DATASET CONTENT: Begin
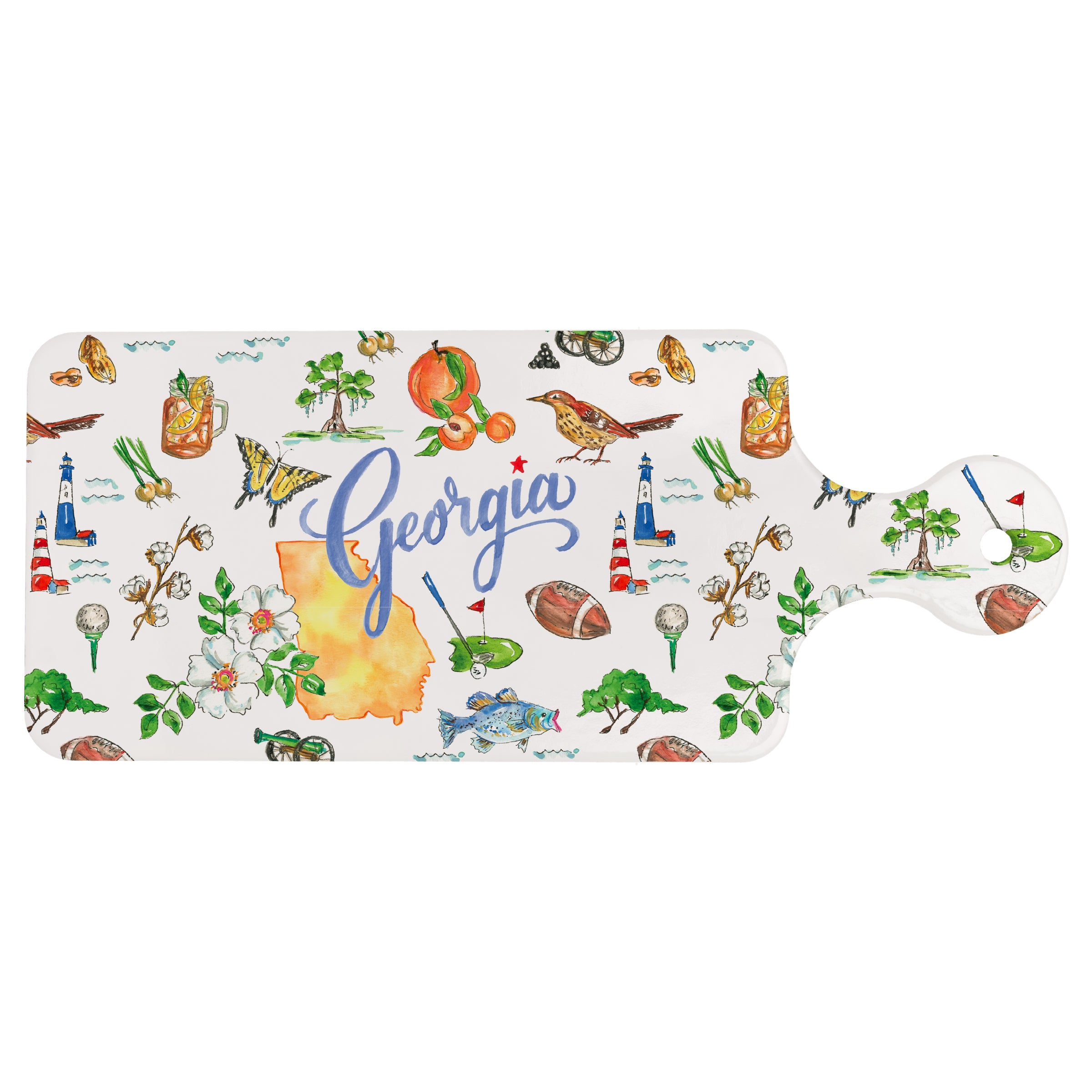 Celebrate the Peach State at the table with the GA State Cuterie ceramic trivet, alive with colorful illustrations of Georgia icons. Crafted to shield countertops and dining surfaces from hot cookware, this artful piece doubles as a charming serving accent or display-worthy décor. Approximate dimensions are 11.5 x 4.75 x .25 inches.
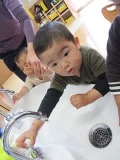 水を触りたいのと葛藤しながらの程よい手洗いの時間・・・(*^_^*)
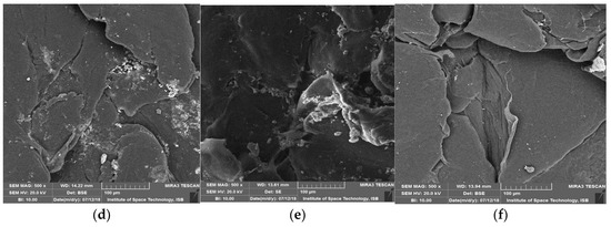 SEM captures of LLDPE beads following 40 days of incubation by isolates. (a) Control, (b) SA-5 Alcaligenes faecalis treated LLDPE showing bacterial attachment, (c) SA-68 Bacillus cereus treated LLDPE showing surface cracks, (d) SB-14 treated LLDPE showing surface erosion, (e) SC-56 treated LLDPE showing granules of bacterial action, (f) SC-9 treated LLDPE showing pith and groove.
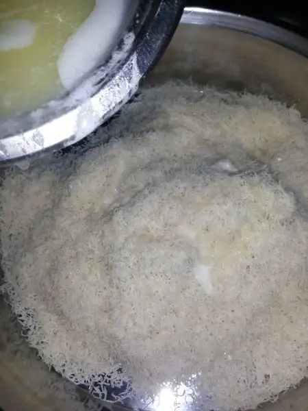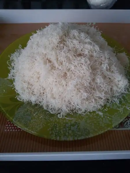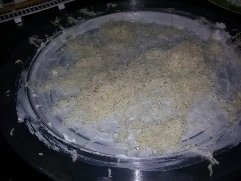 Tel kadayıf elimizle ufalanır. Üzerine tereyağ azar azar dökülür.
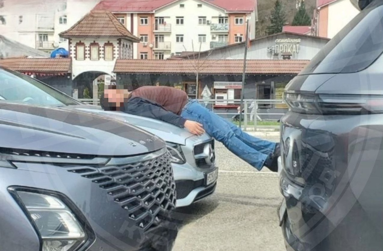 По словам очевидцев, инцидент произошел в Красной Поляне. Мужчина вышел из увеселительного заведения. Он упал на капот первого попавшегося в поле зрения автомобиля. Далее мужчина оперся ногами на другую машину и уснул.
DATASET CONTENT: End
• WORK TO BE COMPLETED: If a line falls between the one containing "Tel kadayıf elimizle" and the last line of the entries above, both included, reproduce it exactly; leave the pictures out.

• RESPONSE TO THE TASK:
 Tel kadayıf elimizle ufalanır. Üzerine tereyağ azar azar dökülür.
 По словам очевидцев, инцидент произошел в Красной Поляне. Мужчина вышел из увеселительного заведения. Он упал на капот первого попавшегося в поле зрения автомобиля. Далее мужчина оперся ногами на другую машину и уснул.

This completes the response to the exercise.